Yes, an agreement might undo community property.
One would evaluate whether the agreement truly separates the property and, if so, whether the agreement is legally enforceable.
In doing that analysis, one might consider the internal law, and conflict-of-laws law, of each jurisdiction that might have some connection to the situation, including:
the State of company A’s organization or formation,
the State in which the first community-property interest was created,
each State in which there was (or might have been) an addition to community property,
each State in which there was insufficient accounting between separate and community property,
the domicile of each spouse,
the residence of each spouse,
the State in which each spouse signed the agreement,
the State law the agreement specifies as governing the agreement, and
the State law that governs the agreement.

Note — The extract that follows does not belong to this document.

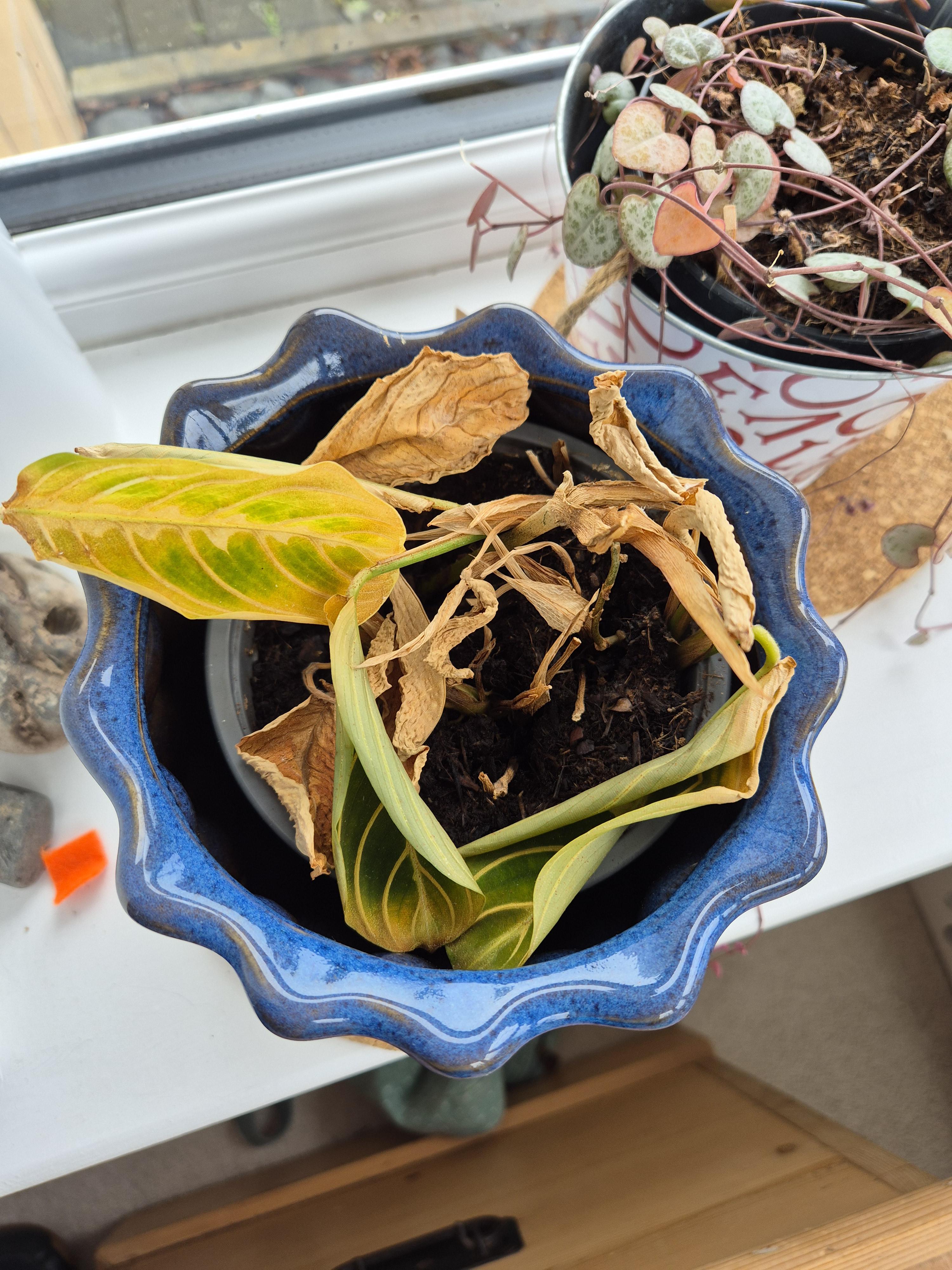 この祈りの植物を保存できますか?かなり黄色く見えます。冬の間は休眠できることはわかっていますが、これはあまり良くないようです
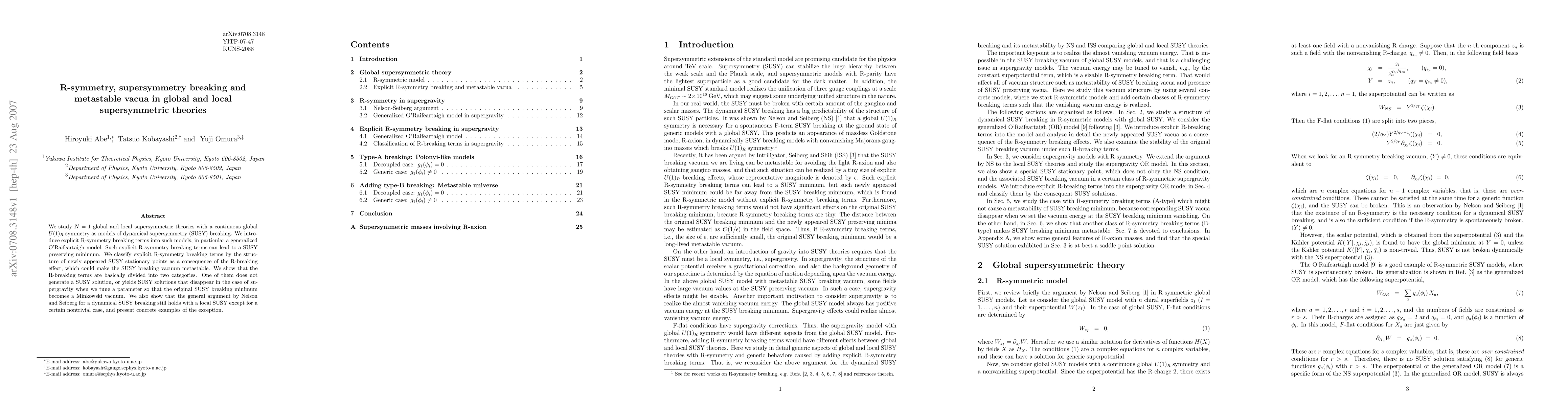 This paper investigates N=1 supersymmetric theories with R-symmetry, focusing on how explicit R-symmetry breaking terms lead to dynamical supersymmetry breaking and the formation of metastable vacua. It classifies these terms based on their impact on supersymmetry solutions and discusses exceptions to the general dynamical SUSY breaking argument in local supersymmetry scenarios.

A practitioner would want to fact-check the situation with no less care than Circular 230 calls for.
Before pursuing an agreement, each spouse should consider the consequences, including for property ownership, income taxes, estate planning, and estate and inheritance taxes.
Under some States’ laws, an agreement might be invalid unless each spouse has separate counsel. Even when that’s not a State-law condition, S. Derrin Watson in Who’s the Employer? (1998) suggested: “Such an agreement should not even be considered unless husband and wife are separately represented by experienced counsel, even in a friendly situation.” The American College of Trust and Estate Counsel’s Commentaries on the Model Rules of Professional Conduct describes more nuanced views.